Conocemos la vida de Santa Matilde por dos biografías, una de las cuales fue escrita quince años después de su muerte, y la otra un cuarto de siglo más tarde, a petición de su nieto, el emperador San Enrique.

El conde Thierry de Oldemburgo descendía en línea directa del famoso Witikindo, caudillo de los sajones, convertido por Carlomagno, que le venció. Su esposa, la noble condesa Reinhilda, era hija de un príncipe danés, y la religión de Cristo había hecho de esta hija de bárbaros, una de las damas más cumplidas de su tiempo. Para premiarla, el Señor le concedió, en el año 895, el ángel de dulzura que se llamó Matilde.

Desde la más tierna edad fue Matilde por sus gracias y virtudes el embeleso de su abuela paterna, hasta el punto que ésta —llamada también Matilde—, con anuencia de sus padres, se la llevó consigo al convento de Herford, no lejos de Minden, a donde se había retirado y del cual vino a ser abadesa.

Allí quiso que la joven se instruyera en las letras sagradas y se familiarizase con la labor de manos. Bajo la tutela de la piadosa abadesa, pronto adquirió Matilde una ilustración nada común, que se armonizaba perfecta­mente con sus encantos personales.

Sucedió que el poderoso duque de Sajonia, Otón, oyendo alabar por do­quier a la joven doncella de Herford, pensó en dársela por mujer a su hijo Enrique, su sucesor.

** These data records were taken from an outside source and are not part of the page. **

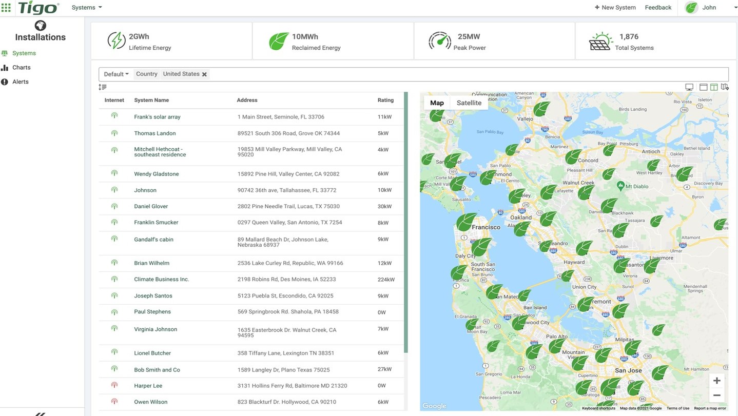 - You have fleet management: that's a view of all of your fleets – all of your different installations in one spot through one platform as long as it's connected with Tigo.
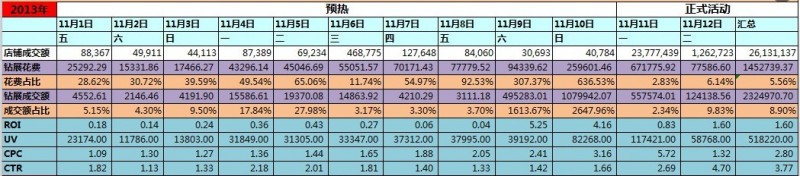 上圖案例是一位女裝掌柜2013年鉆展數(shù)據(jù)總結(jié)。鉆展消耗從11.1開始增加,到11.9加大消耗,雙11當(dāng)天達(dá)到最大;點(diǎn)擊成本(CPC)從11.1開始上升,11.8上漲到原來的2倍,到11.10上漲到原來的3倍,雙11當(dāng)天是11.1的5倍;ROI(3天點(diǎn)擊回報(bào)率)11.9~11.10這兩天點(diǎn)擊回報(bào)率很高,因?yàn)榛貓?bào)率上加入了雙11當(dāng)天的成交數(shù)據(jù),而雙11當(dāng)天由于點(diǎn)擊成本升高相應(yīng)的uv獲取少,最終回報(bào)率不高。從中可以看出,重點(diǎn)預(yù)熱的重要性不言而喻。這位女裝掌柜表示,今年重點(diǎn)預(yù)熱會(huì)提前,消耗會(huì)提前加大,就是考慮到重點(diǎn)預(yù)熱對(duì)銷售額的關(guān)鍵作用。
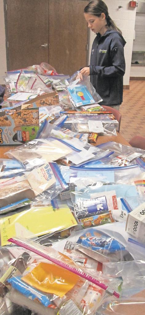 been collecting items to help residents of the Domestic Violence Center of Chester County, as well as Family Promise of Southern Chester County. On Monday, volunteers of all ages, along with princi-
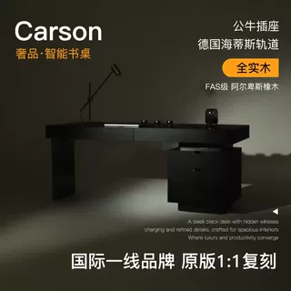意式极简轻奢书桌高级感去客厅化纯实木开放书房沙发后长条电脑桌
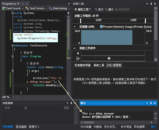 如下圖所示, 當你在 VS2015 進行偵錯時, 一個整合的診斷工具 (Diagnostic Tools) 畫面就會出現在工作區的右邊。在這個畫面中, 使用者可以選擇顯示監看記憶體和 CPU 的負載情況, 作為參考。
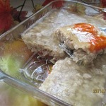Вот в этот раз заливное.. Мясо суховатое куриное, поэтому решила его через мясорубку пропустить и добавила чеснок.
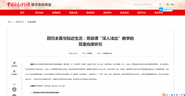 舒前毅在《中国社会科学网》发表高质量教研论文
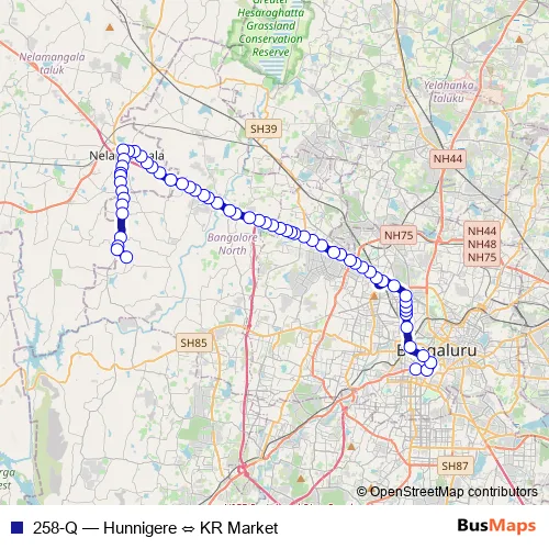 Bus 258-Q - Hunnigere ⇔ KR Market: Full Schedule in Bengaluru
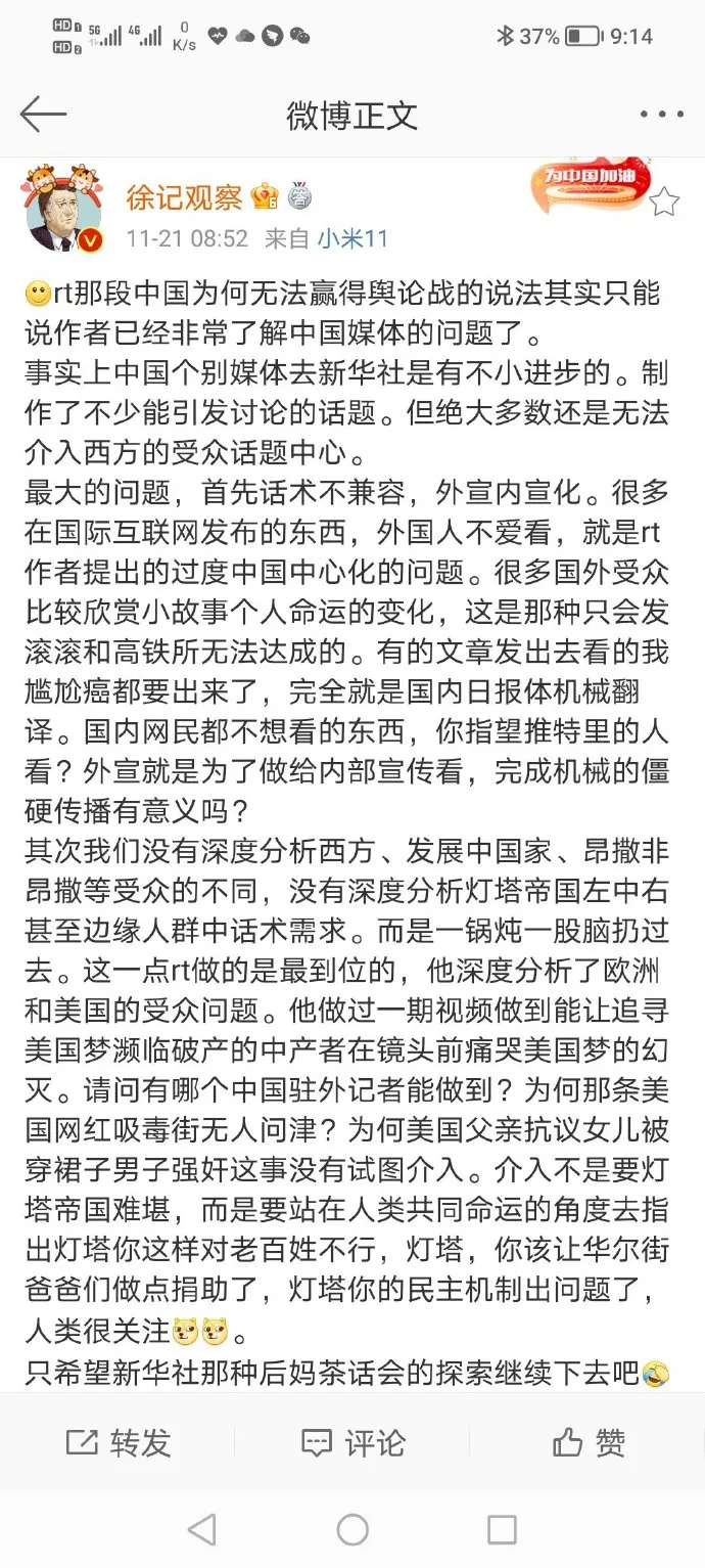 六月份寫了兩篇關於外宣工作的文章《我國對外輿論宣傳中亟待補充的一個元素》和《再談外宣工作中的問題》,看到微博網友@徐記觀察 提出的外宣工作中存在的一些問題現象(原文鏈接:https://weibo.com/1895859130/L2tjTAkls),今天再就這個話題談一下。

Por orden del duque, dirigiose a Herford, acompañado de su preceptor y de un séquito numeroso y brillante, e hizo alto cerca del monasterio. Sin darse a conocer, y pasando por simples peregrinos, entraron por pe­queños grupos en la capilla, como para rezar; y así pudieron admirar, sin ser notados, la gracia y la hermosura, al par que la piedad y devoción de Matilde.

Enrique siente inflamarse en su corazón la llama del amor y decide presentarse en persona. En efecto, pasados unos días, volvió al monasterio, seguido de su escolta, con gran pompa y majestad, y solicitó audiencia con Reinhilda; terminada la cual, consiguió verse con Matilde, cuya mano pidió.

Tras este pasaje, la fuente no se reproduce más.